(Items from a data source)
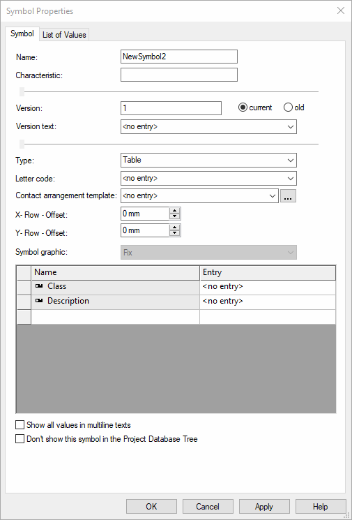 To define the symbol name, its type, description and offset right-click in the working area and select the Symbol Properties... command from the displayed context menu. A table symbol must have the Table type assigned.
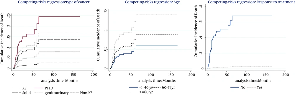 2. The incidence of death was higher in older patients, PTLD, and GU & RS tumor cases and hazard of death for Non-KS and solid cancers were similar to KS cancer. Response to the treatment decreased the incidence of death. Our estimates extended the findings of Mazuecos et al. and Einollahi et al. who reported that age and immunosuppressive treatment were related to cancer development (26, 30, 38) that increased mortality. Moreover, Alonso and Oliver showed in their study that post-transplant mortality was dependent on age in all recipients (39). We focused in our study on recipients with cancer. In addition, we showed in our univariate analysis that metastasis and treatment with AZA increased the cumulative incidence of post-transplant death.
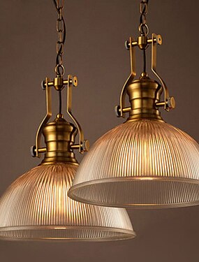 Lampe suspendue en forme de dôme vintage avec tête unique en verre nervuré, luminaire décoratif en laiton, 110-240v
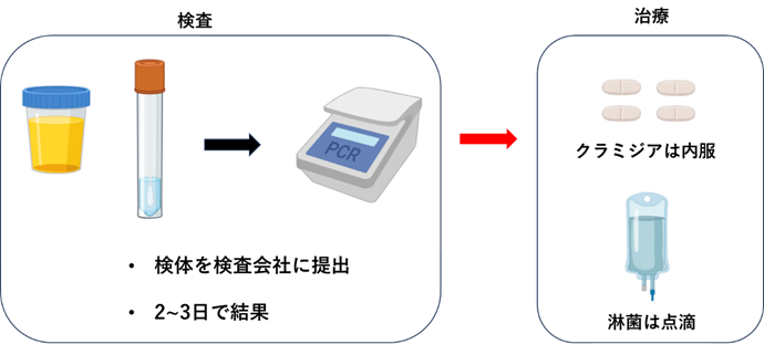 クラミジアは抗菌薬の内服、淋菌は抗菌薬の点滴をすることで外来で治療が可能です。
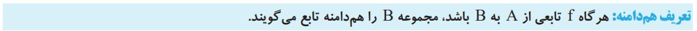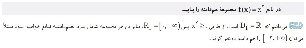 تذکر : حتما باید مجموعه ای را به عنوان هم دامنه تابع انتخاب کرد که همه ی عضو های برد در این مجموعه باشند ( حتی اگر مجبور باشیم خود مجموعه برد تابع را به عنوان هم دامنه انتخاب کنیم! )
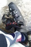 まずはスキー靴にアイゼン調整をしたり、シールを貼ってみる。
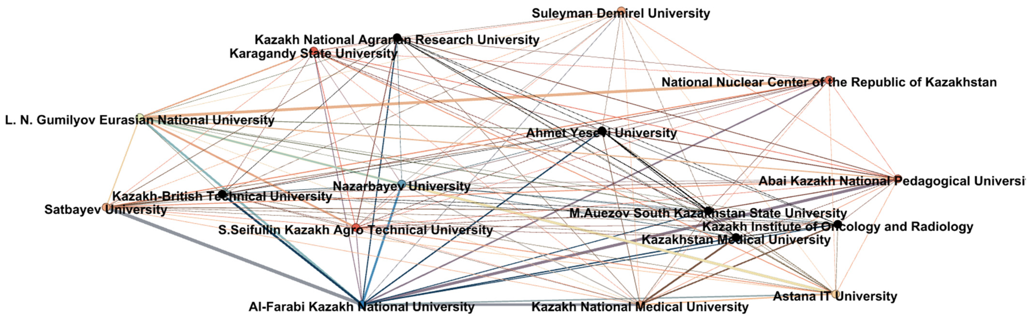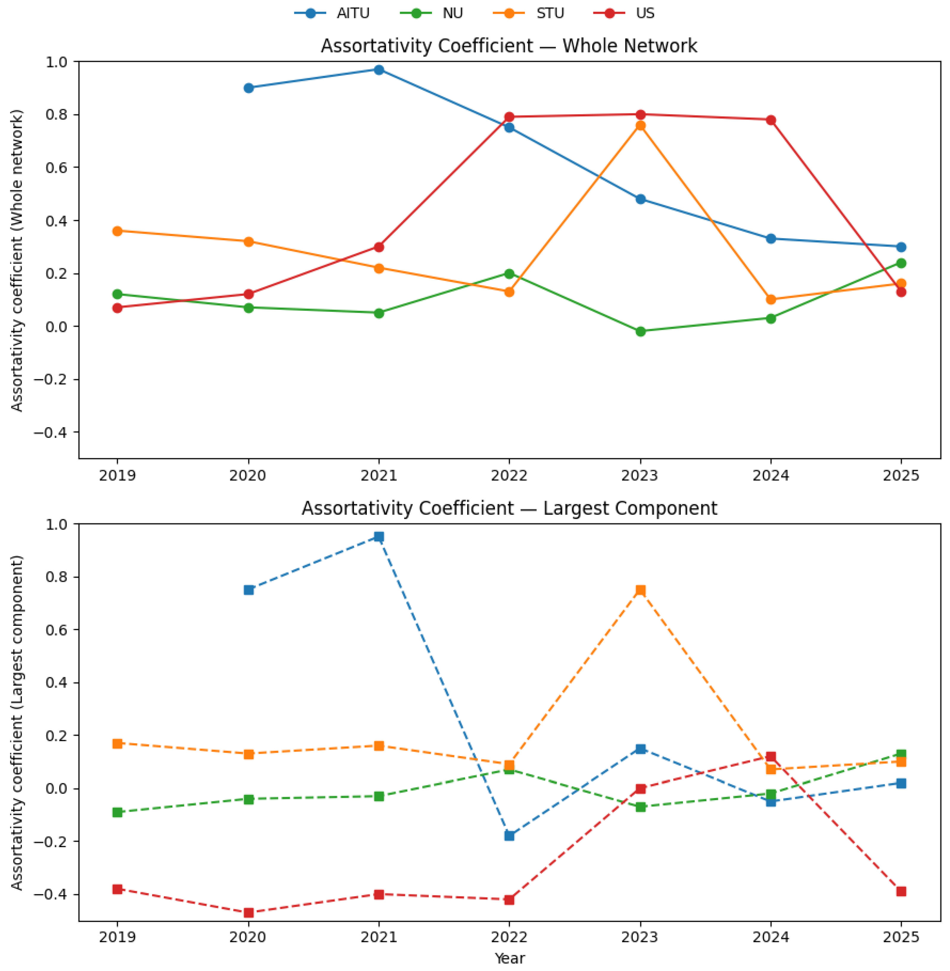 The comparative assessment of collaboration structures at AITU, NU, STU, and US reveals how differences in institutional scale, research intensity, and disciplinary diversification shape the internal cohesion of scientific networks. Despite sharing the general features typical of academic collaboration systems (sparse connectivity and a high tendency for local clustering), these four universities differ significantly in both size and the density of their internal relationships.
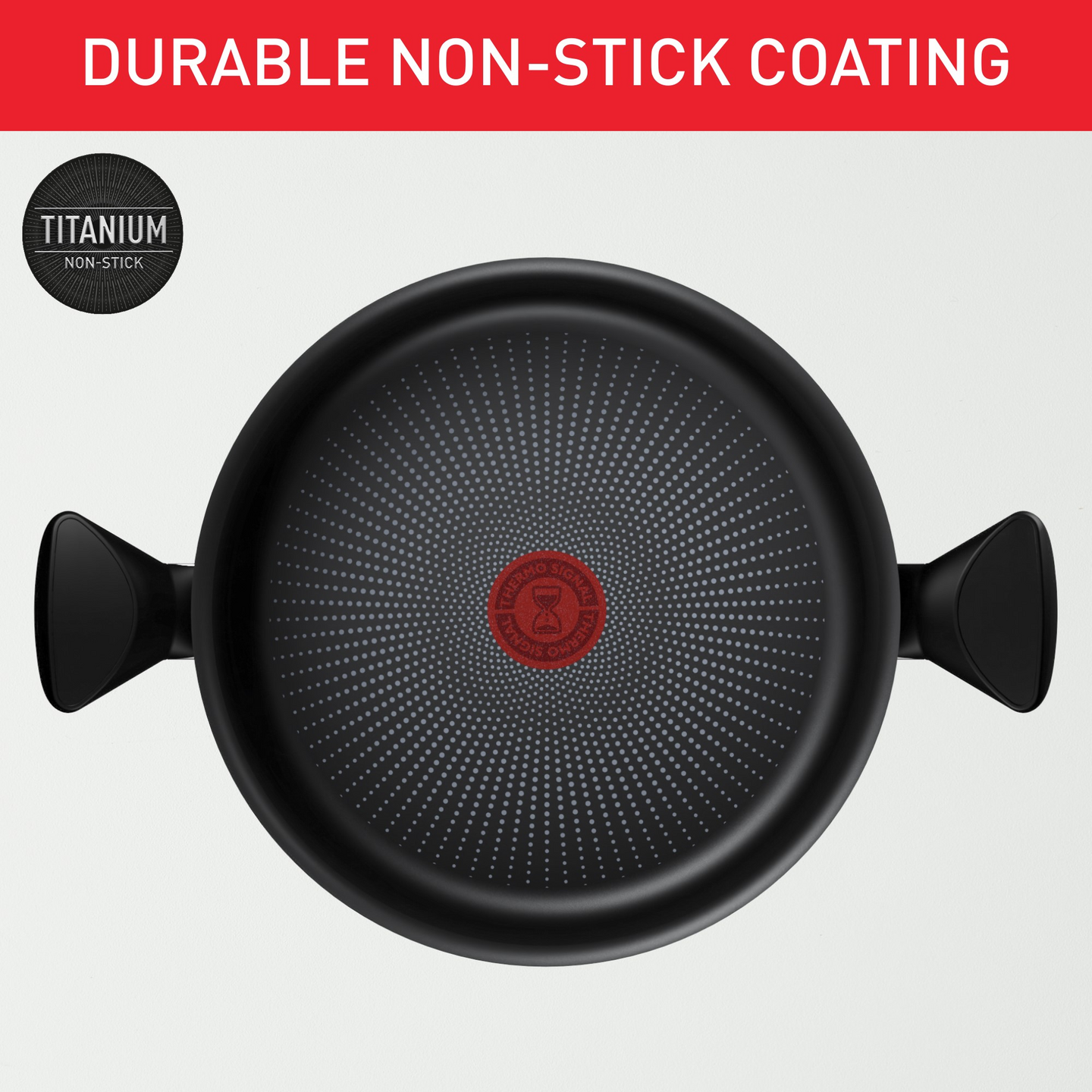 Tuotteiden erittäin kestävä ja tarttumaton Titanium Pro -pinnoite kestää kaksi kertaa pidempään verrattuna Tefalin vakiopinnoitteeseen. Laadukkaan tarttumattoman pinnoitteen ansiosta voit valmistaa terveellisempiä aterioita ilman rasvaa ja tuotteen puhdistus käy kätevämmin. Pinnoite on täysin turvallinen, sillä se ei sisällä lyijyä, kadmiumia tai PFOA-yhdisteitä.
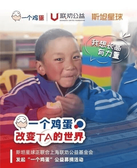 2022年,斯坦星球与联劝基金会合作,发起“一个鸡蛋”公益募捐,成功筹得45000元善款,专项用于保障重庆大顺乡中心幼儿园194名孩子一整年的鸡蛋供应,以实际行动守护偏远地区儿童的基本营养与健康。
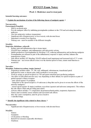 These are a great resource to have while studying for exams. Each intended learning outcome for all weeks are answered in detail with drug examples included. Really helpful to use. - Medicines used to treat pain - Anti-infective medications and antimicrobial resistance - Cardiac medications “Conduction and Contractility” - Cardiac medications 2 “Blood vessels and Coagulation” - Medications affecting respiratory function - Gastro-oesophageal reflux disease (GORD) and diabetic medicines - Medications affecting gastrointestinal function
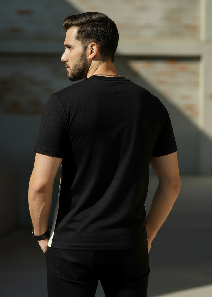 A faixa colorida na manga direita adiciona um detalhe exclusivo que diferencia esta camiseta de outras peças básicas, tornando-a uma escolha de destaque no seu guarda-roupa.
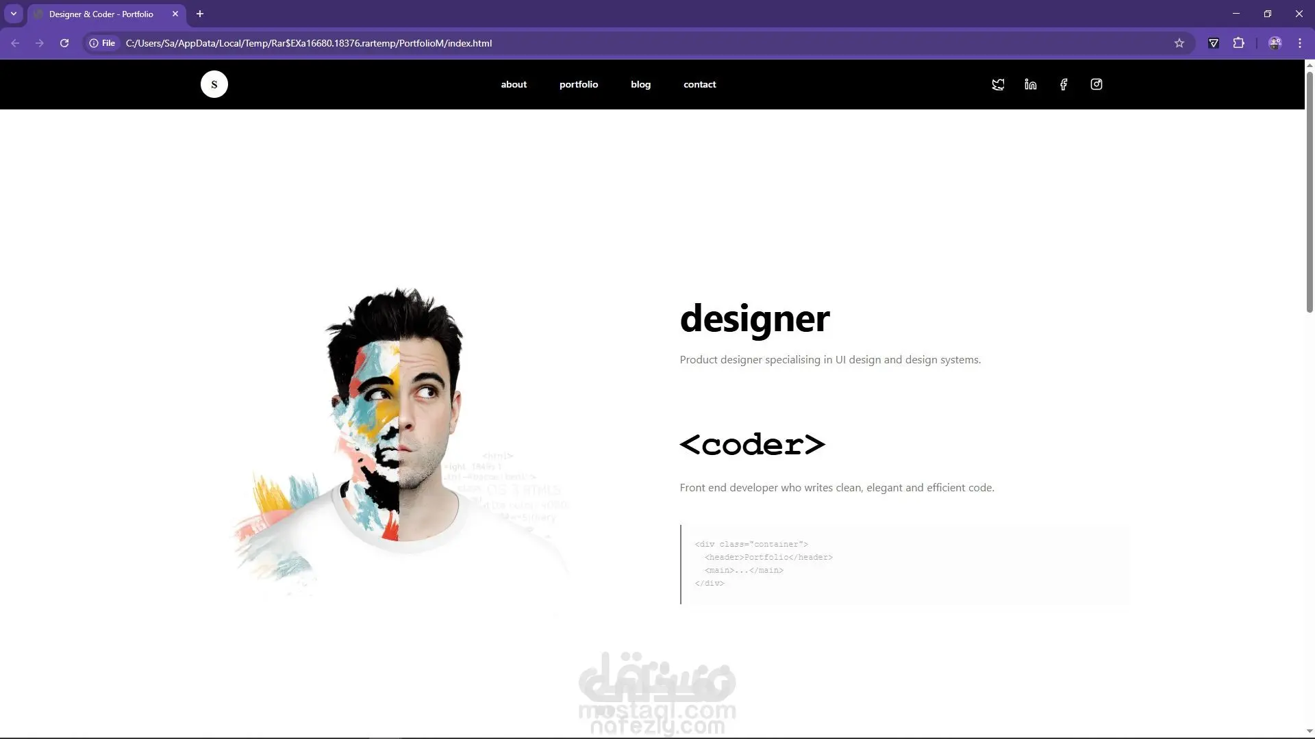 موقع بورتفوليو شخصي قمت بتصميمه وتنفيذه لعرض مهاراتي وأعمالي في تطوير الواجهات الأمامية. ركّزت على بساطة التصميم، تنظيم المحتوى، وتجربة مستخدم سلسة على جميع الأجهزة.

(WHAT YOU HAVE TO DO) Above are the records; restate exactly the lines from the one containing "These are a" through the one containing "A faixa colorida", keeping pictures out.

(RESPONSE BOX)
 These are a great resource to have while studying for exams. Each intended learning outcome for all weeks are answered in detail with drug examples included. Really helpful to use. - Medicines used to treat pain - Anti-infective medications and antimicrobial resistance - Cardiac medications “Conduction and Contractility” - Cardiac medications 2 “Blood vessels and Coagulation” - Medications affecting respiratory function - Gastro-oesophageal reflux disease (GORD) and diabetic medicines - Medications affecting gastrointestinal function
 A faixa colorida na manga direita adiciona um detalhe exclusivo que diferencia esta camiseta de outras peças básicas, tornando-a uma escolha de destaque no seu guarda-roupa.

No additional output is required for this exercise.